Management of BTK Inhibitor Associated Adverse Events: Current Practice Trends Among Healthcare Providers and Concordance with Expert Recommendations

Introduction: The advent of BTK inhibitors (BTKi; ibrutinib, acalabrutinib, zanubrutinib) has dramatically improved outcomes for many patients with B-cell malignancies including CLL/SLL, MCL, WM, and MZL. To ensure optimal patient outcomes with BTKi therapy, it is essential to maintain both ongoing therapy and patient quality of life. These dual goals require prompt recognition and management of the unique adverse events (AEs) associated with BTKi therapy. An online Interactive Decision Support Tool was developed to provide healthcare providers (HCPs) with case specific guidance on managing BTKi AEs (available at: www.clinicaloptions.com/BTKiTool). Here, we report HCP practice trend data for the management of various BTKi AEs collected with this online tool compared with recommendations from a panel of experts.

Methods: The online tool was developed with input from 5 experts who provided BTKi AE management recommendations for specific patient scenarios. The online tool captured 164 unique clinical scenarios based on criteria including disease type, BTKi used, and the type and severity of the BTKi AE. To use the online tool, HCPs enter information about their patient case and their planned management strategy. The HCPs were then shown the management recommendation from the 5 experts for that specific BTKi AE scenario. After viewing the expert management recommendation, HCPs were asked if it had an impact on their intended management approach.

Results: Between September 2019 and July 2020, 754 unique case scenarios were entered into the BTKi AE tool, with 319 cases related to a specific BTKi AE, by 432 HCPs.
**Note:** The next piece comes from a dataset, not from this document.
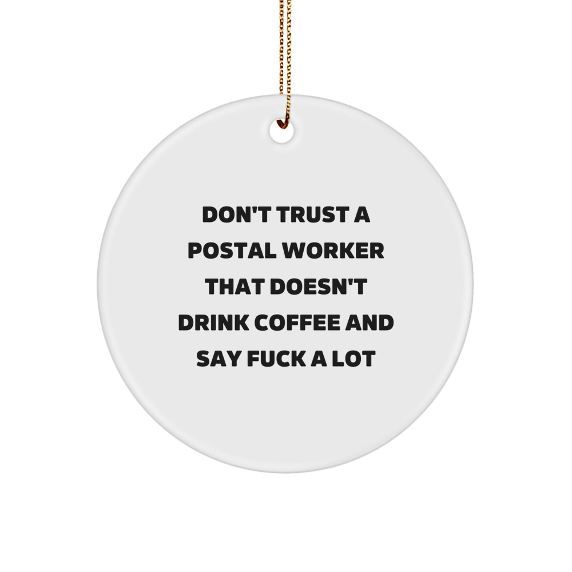 Funny Postal Worker Circle Ornament Gifts from Friends, Coworkers, Family - Don't Trust A Postal Worker That Doesn't Drink Coffee And Say 'F--k A Lot' - Christmas Unique Gifts

Of HCPs who answered the optional demographics questions (n = 96), 65% of cases were entered by clinicians who treat ≤ 10 patients/year with BTKi and 51% of cases entered were for specific patients in their clinical practice. Most cases entered in the tool were for patients with CLL (69%) followed by MCL cases (15%). Cases involving ibrutinib treatment were most common in this analysis (82% of cases) with acalabrutinib treatment entered for the remaining 18% of cases. Zanubrutinib was not yet approved when this tool was created and therefore was not included as a BTKi option.

The most common AEs selected by HCPs using the tool regardless of BTKi therapy were atrial fibrillation, bruising or bleeding, and diarrhea [Figure]. For patient scenarios treated with acalabrutinib, HCPs also frequently selected headache (24%) as an AE of interest [Figure]. Overall, the planned BTKi AE management strategy of HCPs for mild to moderate AEs matched the expert recommendations in 56% of cases with ibrutinib treatment and 79% with acalabrutinib treatment. There was lower concordance between HCPs and experts for the management of grade 3/4 events with either ibrutinib (42%; P < .0001) or acalabrutinib (36%; P < .0001). For example, for patient cases with grade 3/4 atrial fibrillation (n = 49), only 39% of HCPs would hold therapy whereas 41% indicated that they would continue therapy and 14% were unsure how to manage the AE. For HCPs who differed from expert recommendations, only 42% of respondents who entered mild to moderate AEs indicated that the expert recommendations provided by the tool changed their management plan, but 81% of respondents who entered grade 3/4 events would change their management plan.

Conclusions: These data suggest that management of BTKi AEs by HCPs often diverges from evidence-based expert recommendations, especially grade 3/4 AEs. Use of an online tool providing easy access to BTKi AE management recommendations may improve patient care and safety. A detailed analysis of the tool, including case entries and planned management vs expert recommendations will be presented.